A Final Farewell Full of Humor and Love
This morning, I woke up to the news of her passing. Kathleen had written a poem to announce her crossover, ending with an “open-hearted” question: “who farted?”
I found myself laughing and crying at the same time. Here was a person who had suffered greatly, yet she chose to leave the world with a joke. What a brilliant, brave soul. She will be missed by many, even by people like me who didn’t really know her personally.
Hello friends,
It's been a blast!
It's been the best
It's been the worst
In the future, present
For me now in the past.
I loved you all
...mostly all
But my love is undying
And to, my forgiveness
Even to those who had hurt me.
I know I fought some fights with vigor and passion
Those ones meant a lot to me because they involved you and yours
The ones that thought of me and cared to talk,
Not only on my brightest days
But on the ones, that were not
I'll miss you lots, and lots
And I know you will miss me too
So think of me often, but only happy thoughts.
It's time for me to go now.
Many questions have been answered, and many still not.
I leave you tonight with one more,
Question open-hearted,
"Who farted?"
Kathleen Eleanor McGee
April 5th 1981 - November 3rd 2024
A Reflection on Death, Laughter, and Legacy
As a society, we’ve made death into something purely tragic.
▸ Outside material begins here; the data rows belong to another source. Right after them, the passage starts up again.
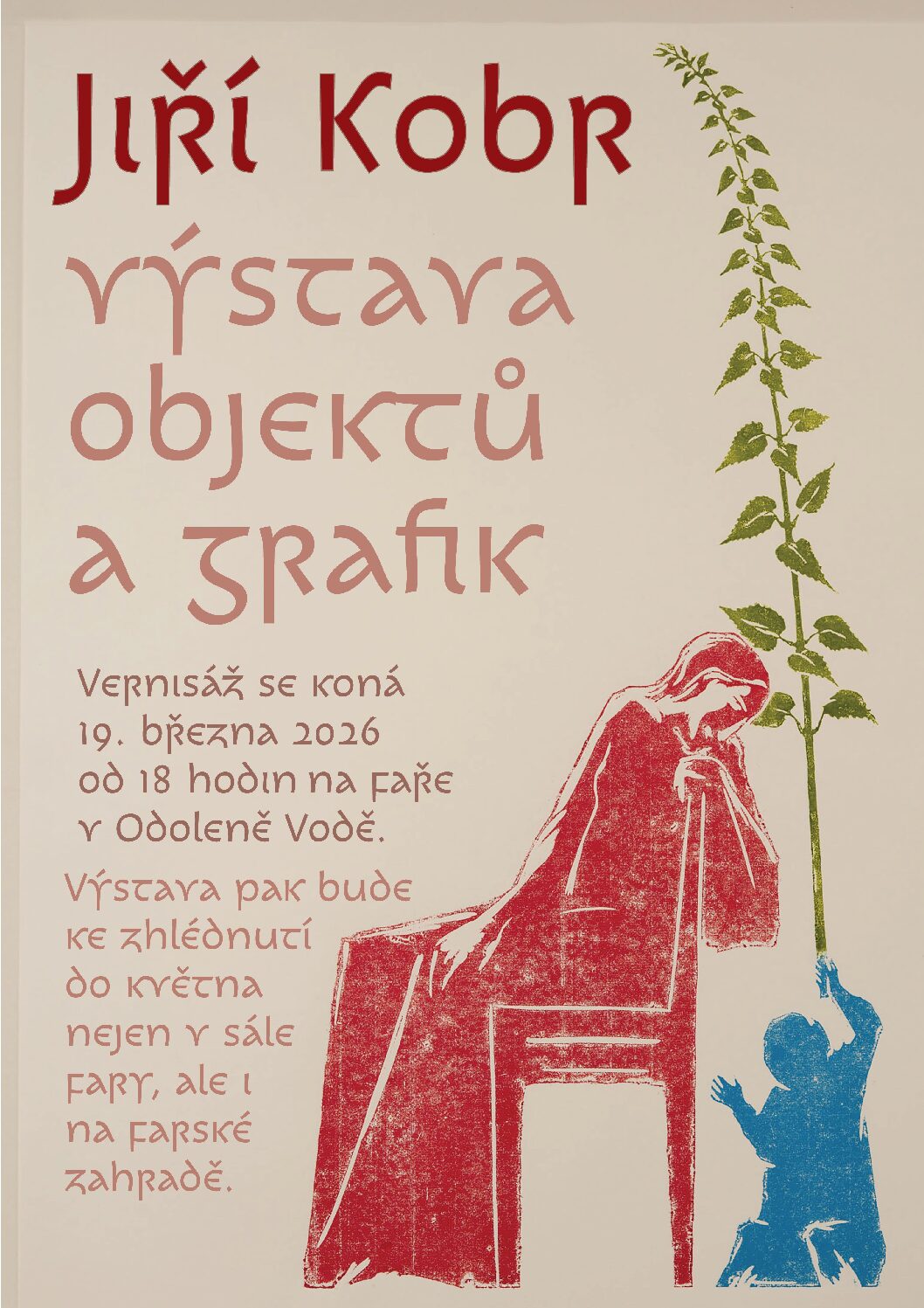 Ve čtvrtek 19. března v 18 hodin vás srdečně zveme na faru v Odoleně Vodě na vernisáž výstavy sochaře a řezbáře Jiřího Kobra, autora reliéfu Panny Marie na našem novém zvonu.  V rozhovoru s Karlem Oujezdským Jiří Kobr ke své tvorbě poznamenává: „Náboženská témata dělám z toho důvodu, že mi tam určitý typ lidských situací […]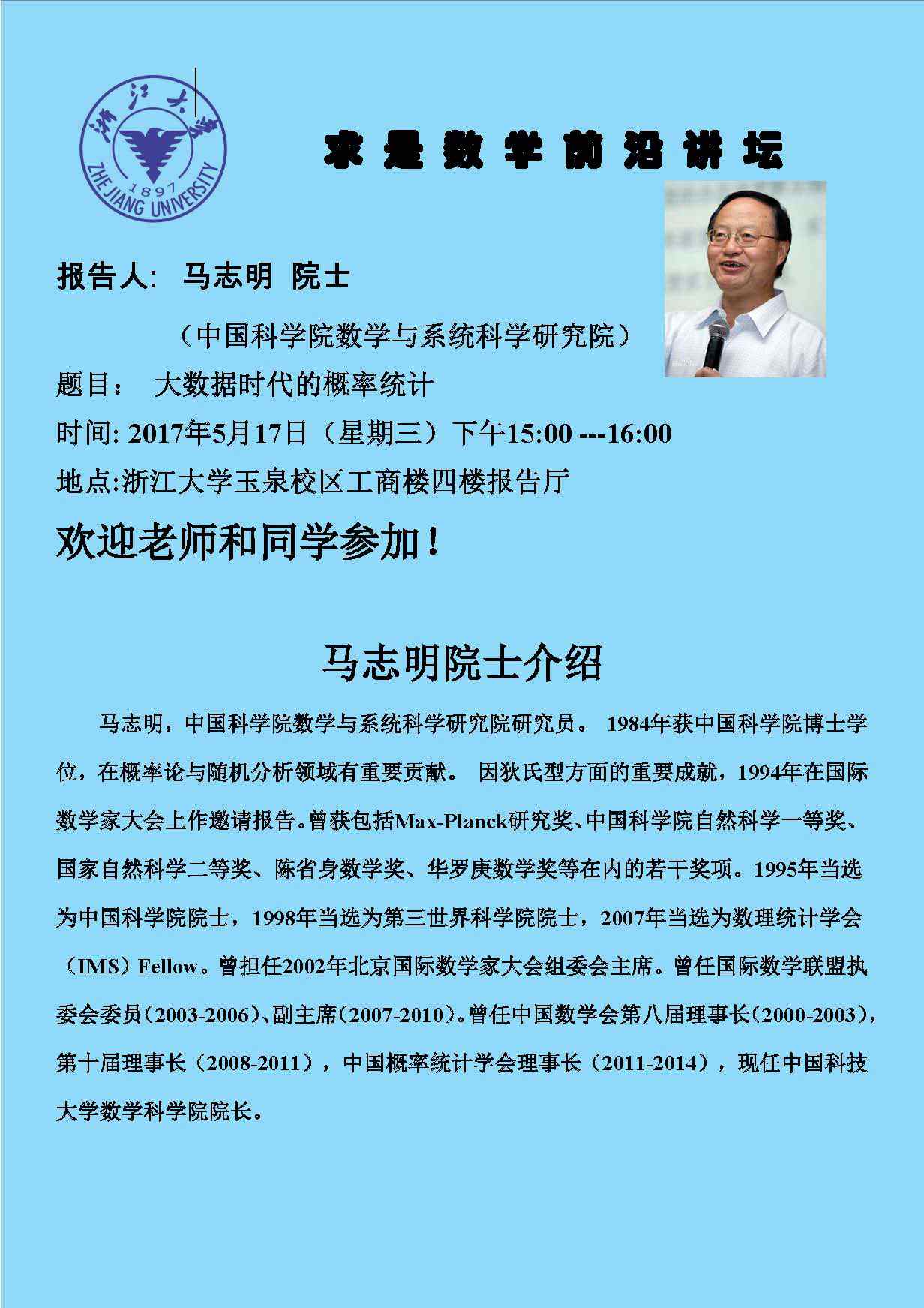 学术科研 学术团队 学术活动 学术会议 学术报告 讨论班 School Colloquium 信息公告 文件汇编 学术报告 乐竞APP在线登录 > (5月17日)马志明院士题为“大数据时代的概率统计”的报告 来源:乐竞体育官方app下载 发布时间:2017-05-10 940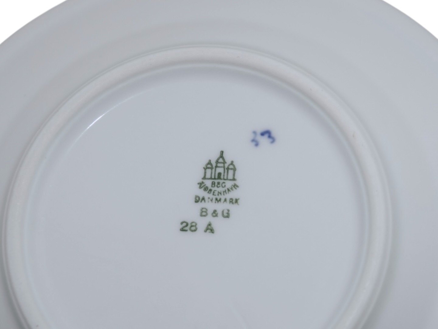 Bing & Grøndahl Blåmalet / Musselmalet tykt jernporcelæn, kagetallerken med logo fra Hotel Royal.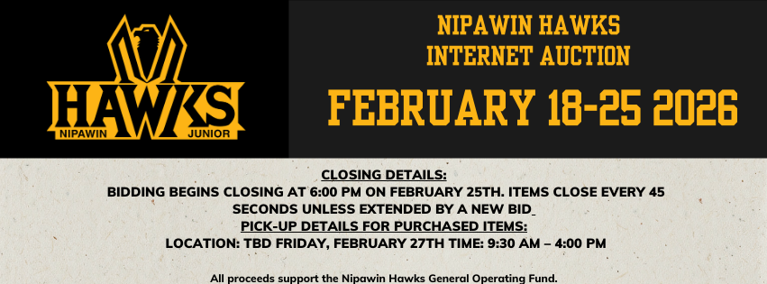 Our much-anticipated Hawks Auction is back! Get ready to bid on some amazing items and support your Nipawin Hawks.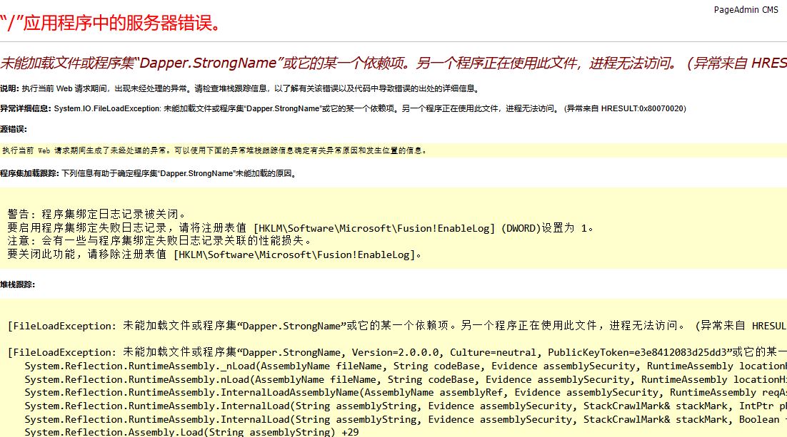 PA上传到中资源的虚拟主机,出现“未能加载文件或程序集"Dapper.StrongName"或它的某一个依赖项。”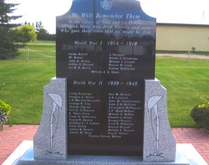 Dedicated to the men of Wawota and area who gave their lives during the First and Second World Wars, by the Wawota Royal Canadian Legion Branch 113, this memorial was unveiled August 3, 2008. It is made of black granite shipped from China, bordered by grey Canadian granite and sitting on a base of grey granite which in turn rests on a cement base. It is flanked by the Red Ensign which all these men fought under during the First and Second World Wars, the Canadian flag and the Saskatchewan flag.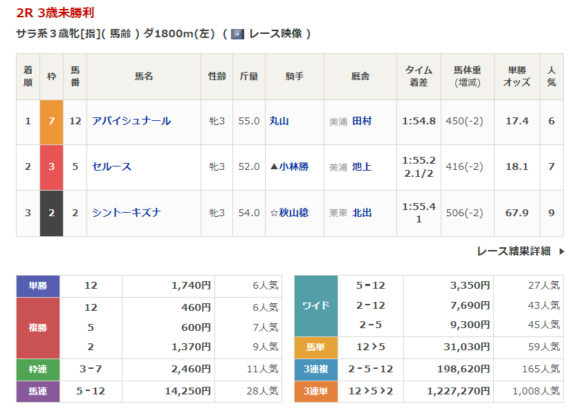 ◎アイルシャイン(4人気)1着 単勝530円、複勝150円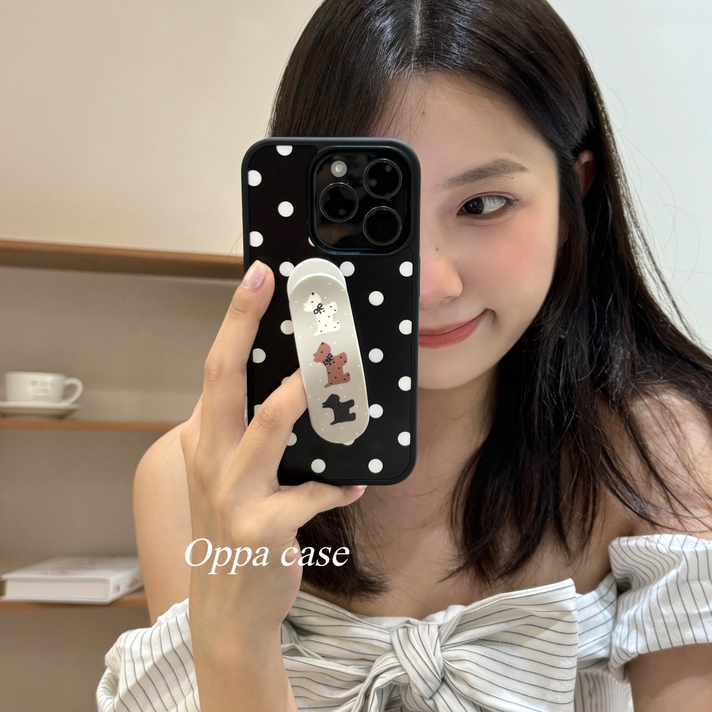韓国インニッチかわいい水玉模様のバンドエイド子犬ホルダー Apple 16promax 携帯電話ケース iphon に適しています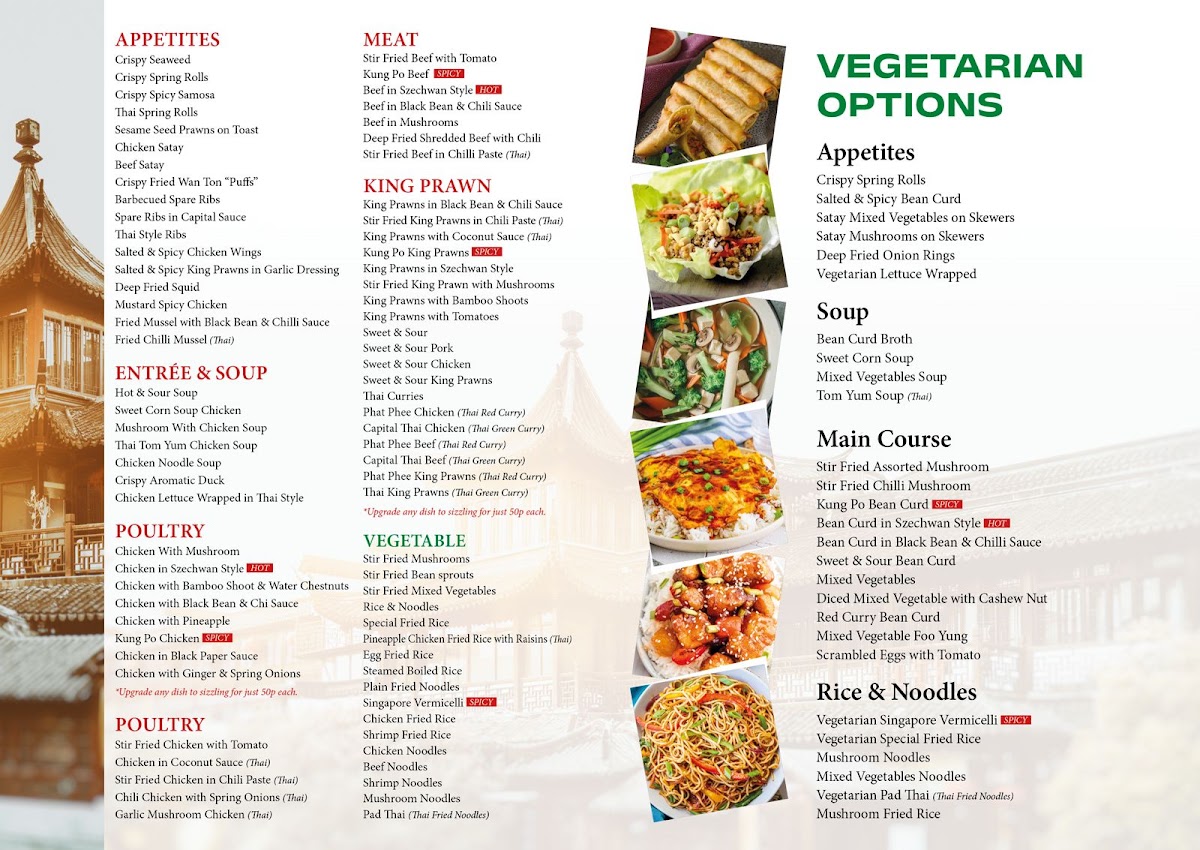 The heart of the menu leans into sauce-driven stir-fries and well-known house specialties. Pork in Barbecue Sauce is the kind of sweet-savory staple that pairs effortlessly with almost anything on the table, while Chicken with Black Bean Sauce offers deeper, saltier richness for anyone who prefers more umami-forward flavors. For something with crunch and contrast, Chicken and King Prawns with Cashew Nuts stands out as a dependable favorite, combining tender proteins with nutty texture. Vegetable choices feel like more than an afterthought: Stir Fried Mixed Vegetables and Broccoli keep the meal balanced and are ideal add-ons when you want freshness alongside stronger sauces.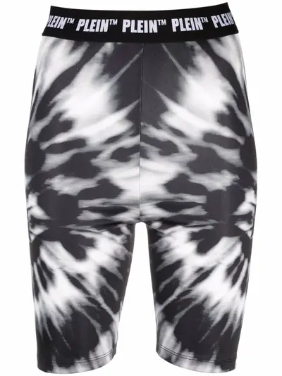 black/white tie-dye pattern logo waistband high waist super-skinny cut ankle-length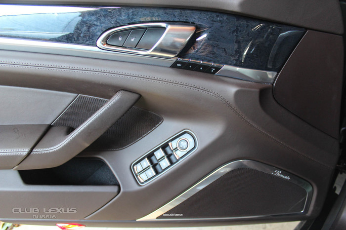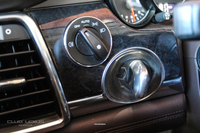 Вот чего у немцев не отнять, так это богатство комплектаций. Нет, не только моторов и коробок, а именно возможности комбинировать интерьер под свой вкус. В "Porsche на Таганке" есть шикарный стенд в отдельном помещении, на котором размещены все образцы доступных цветов и фактур дерева, кожи и металла. Это действительно впечатляет. Мне же предоставили машину с тёмно-коричневым кожаным салоном и чёрным деревом. В сочетании с чёрным цветом кузова, смотрится очень стильно.

And while it is undeniably sad to say goodbye, what if death isn’t the end? What if it’s the beginning of something greater? What if, wherever we go next, there’s even more laughter, more love, more light, and yes, more fart jokes?
We won’t know until it’s our turn. In the meantime, with the time we have, let’s learn from people like Kathleen McGee: laugh a little louder, love a little harder, and appreciate the jokes that remind us not to take life too seriously.
Rest in power, Kathleen McGee. Thanks for the laughs.